To be honest I didn’t know what I wanted to know, although I was sure there must be something; but he forestalled me anyway.

‘Because’, he said, ‘whatever it is, I can’t discuss it. You want to know what Gunther and Richards were doing on the quay? You want to know about Biancheri? You’re going to put it all into a book, aren’t you, and make money out of it, and let me down? Well I’ll tell you, Ms Morris, I’ve suffered enough already, since the Intervention, I’ve paid my price; you see me now a poor clerk of the Chinese, when once I had the whole port of Hav at my command, and I’m not going to say more. I am myself engaged, during my spare time, in compiling a documentary history of medieval Hav — purely as a labour of love. That perfectly occupies my mind. It’s by the favour of the Perfects that I have this humble job at all, and I’m not going to risk losing it.’

‘You won’t even talk about the old Casino?’

‘There’s really nothing to say about that.

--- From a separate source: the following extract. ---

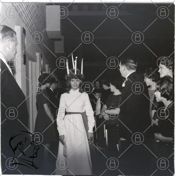 Lucia, ljuskrona, tradition, fest, klänning, krans, tärnor, jul, Sverige, folk, samling, mörker, ljus, högtid, firande, kultur, 1960-tal, svartvitt, ceremoni, glädje, gemenskap, barn, ungdomar, kläder, leenden, musik, sång, stämning, festligheter
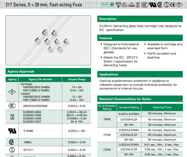 力特保险丝217 系列 - 符合IEC规范的5x20mm快熔型玻璃管保险丝:

You knew Biancheri, you probably met Antony Ho, what more do you want to know? It’s moved on to bigger things now, anyway, as you’ve doubtless discovered for yourself. You’re staying at the Lazaretto, I suppose? Well then, you must have some inkling of it.’

‘Yes, but—’

‘No, no, Ms Morris, more I will not say. I am grateful for your visit — I see very few foreigners these days, except for crews and transients. I won’t offer you another cup of this horrible tea (they grow it here now, you know, out on the Escarpment), and so must wish you goodbye, with memories of happier times. Mind how you go, Ms Morris. Mind what you write.’

‘Good luck with the medieval documents,’ I said, ‘and go easy on the Crusaders.’ But I don’t think he heard, or he would have asked me what I meant by that, and I wouldn’t have known.

I remembered that from the old Casino Cove there used to be a rough road westward across the peninsula towards the Balad, so I followed my nose back along the motorway until I discovered signs of it running away unmarked across the moors. I took it, hoping to see whatever there was of countryside in the new Hav. It took me across the old grazing land, in the foot-slopes of the escarpment, and I did see some signs of pastoral life. There were farm-huts sometimes along the way, and occasional herds of wizened-looking cattle, guarded by no less bloodless cow-herds. All the huts seemed to be empty. The herdsmen stood motionless beside the track, leaning on sticks or picking their noses, and watched my passing without visible interest. They all seemed to be old, and possibly half-witted, and I decided that the agricultural sector was low on the list of Myrmidonic priorities.

But presently I crossed the line of the old railway, and the now neglected Escarpment road, and skirting the salt-flats I discovered a very different rural scene. The whole of the northwest plateau, stretching away towards the coast hills and the sea, seemed to be a shimmering mass of silver plastic, billowing slightly in the breeze, interspersed with vegetable fields, greenhouses and steel windmills. Brand-new roads criss-crossed the area, and trucks crawled about wherever I looked, and there were gangs of workers among the vegetables, and the windmills whirred. I was reminded of the flower-farms of Jersey, or the windmill plateau of Lassithi in Crete, or Carolina cotton-fields. It all looked purposeful, and profitable.